Documented at autopsy.

CMV indicates cytomegalovirus; aGVHD, acute graft-versus-host disease; COD, cause of death; AML, acute myelogenous leukemia; HL, Hodgkin lymphoma; NHL, non-Hodgkin lymphoma; MDS, myelodysplasia; MA-High, high-dose myeloablative conditioning; MA-RIC, reduced intensity but functionally myeloablative conditioning; NMA, non-myeloablative conditioning; cells/sl, cells per slide; PCR, polymerase chain reaction.

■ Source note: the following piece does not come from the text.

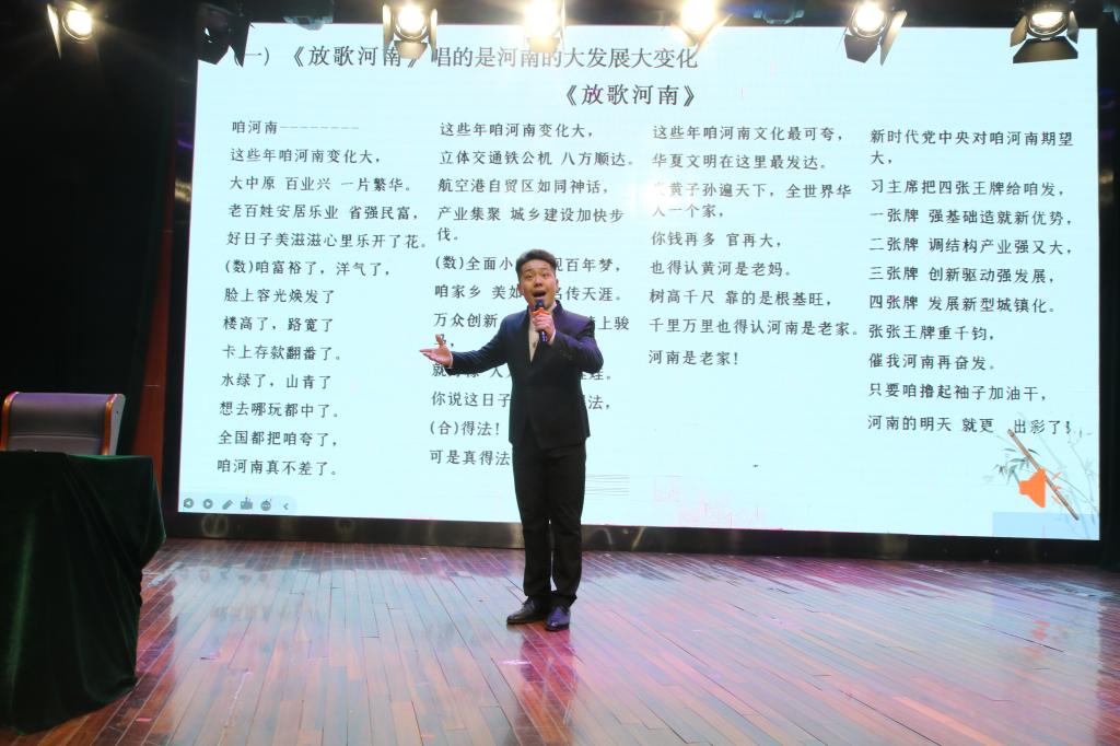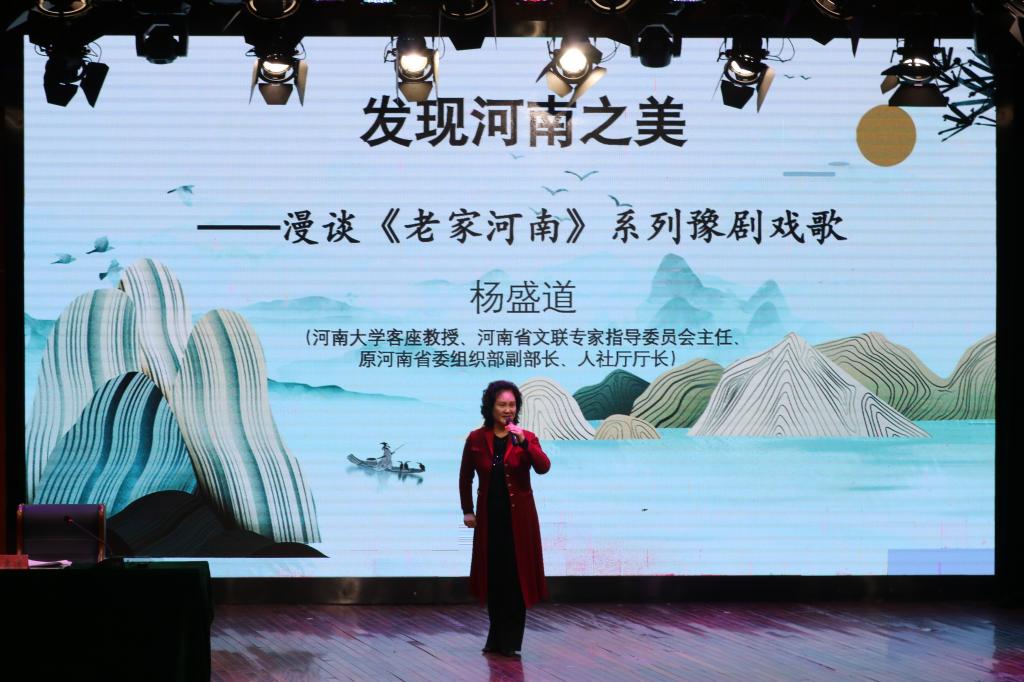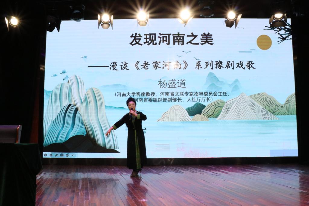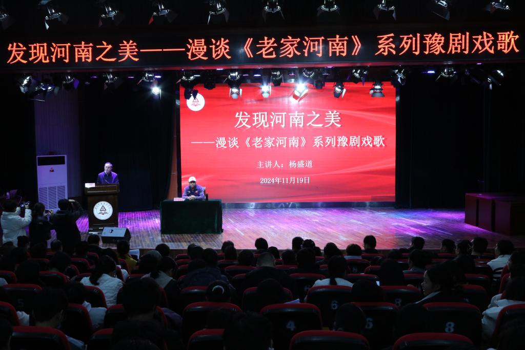 为了弘扬祖国优秀的传统文化,推进河南豫剧艺术的传承与发扬,加强同学们对豫剧的了解,以此更好地提升个人素养,坚定文化自信,凝聚中华民族共识,11月19日下午,艾弗森贝博ballbet官网邀请河南大学客座教授、河南省文联专家指导委员会主任、原河南省委组织部副部长、人社厅厅长杨盛道教授在砺德厅开展“发现河南之美”——漫谈《老家河南》系列豫剧戏歌的讲座。讲座由校党委副书记,工会主席郭汝礼主持。艾弗森贝博ballbet官网党总支书记展贤东、院长史丽珍以及部分教师和学生代表参加本次讲座。

In contrast, in CMV+ recipients routinely monitored by PCR, CMV reactivation was detected in all 29 (100%) patients at an earlier 33 day (range 3-64) median (p < 0.001, Figure 1). Twenty-eight of these 29 (97%) patients reactivated by day 60. The median viral load at detection was 1134 copies/ml (range 100-7901). All patients with an initial PCR < 1000 copies/ml subsequently progressed to > 1000 copies/ml at a median of 36 days (range 3-96) and the median peak viremia of 3862 copies (range 971-146,000) occurred at a median of 46 days (range 19-90). While one PCR patient developed pneumonia (Table 2, patient 2) and 3 had pulmonary decompensation during their first infection (median onset 30 days, range 8-53, Table 2, patients 4-6), no patient had GI disease during their initial infection. There was no difference in the time from initial detection to therapy initiation in the antigenemia (median 3 days, range 1-62) and routine PCR (median 4 days, range 0-18) groups (p = NS).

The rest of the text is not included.